# "nismoparts.safeshopper.com" too cheap?



## Guest (Jun 14, 2002)

has anyone ordered anything from nismoparts.safeshopper.com? they have extremely good prices and that makes me nervous. they list cross-drilled Nismo brake rotors for $72/$57.60(front/rear). Courtesy Nissan, a very trusted vendor, lists them at $110/$90. that's almost $150 difference for a full set of 4.

if you take a look at the site, you'll see why i'm hesitant to order. they don't really say that their merchandise are from Nismo. they sort of say it in passing. that logo looks wrong too.

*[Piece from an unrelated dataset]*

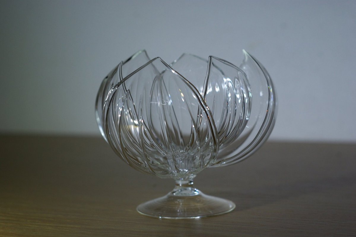 Pohledem působí jako broušený. Tento efekt je způsoben rozfouknutím conturaxové trubice na kahanu.

i need advice on whether to order from the trusted source or the cheaper source.


----------



## Guest (Jun 15, 2002)

it appears that they are a part of nissanparts.cc and i think i can trust them. i may actually opt for Brembo or KVR brakes instead. advice on the most cost effective way to tame a 400hp S13 would still be appreciated.


----------



## sentragtr20 (Jun 8, 2002)

Does anyone know where I can get a cheap apexi powerfc??


----------



## Sykikchimp (May 8, 2002)

Thier prices are legit.. they are actually a nissan dealership in washington state I think. they just take a touch longer than most places to get you your stuff.. I've purchased brake pads from them myself, and I know several other people that have too.. 

great prices.. little longer to get, and ok contact.


----------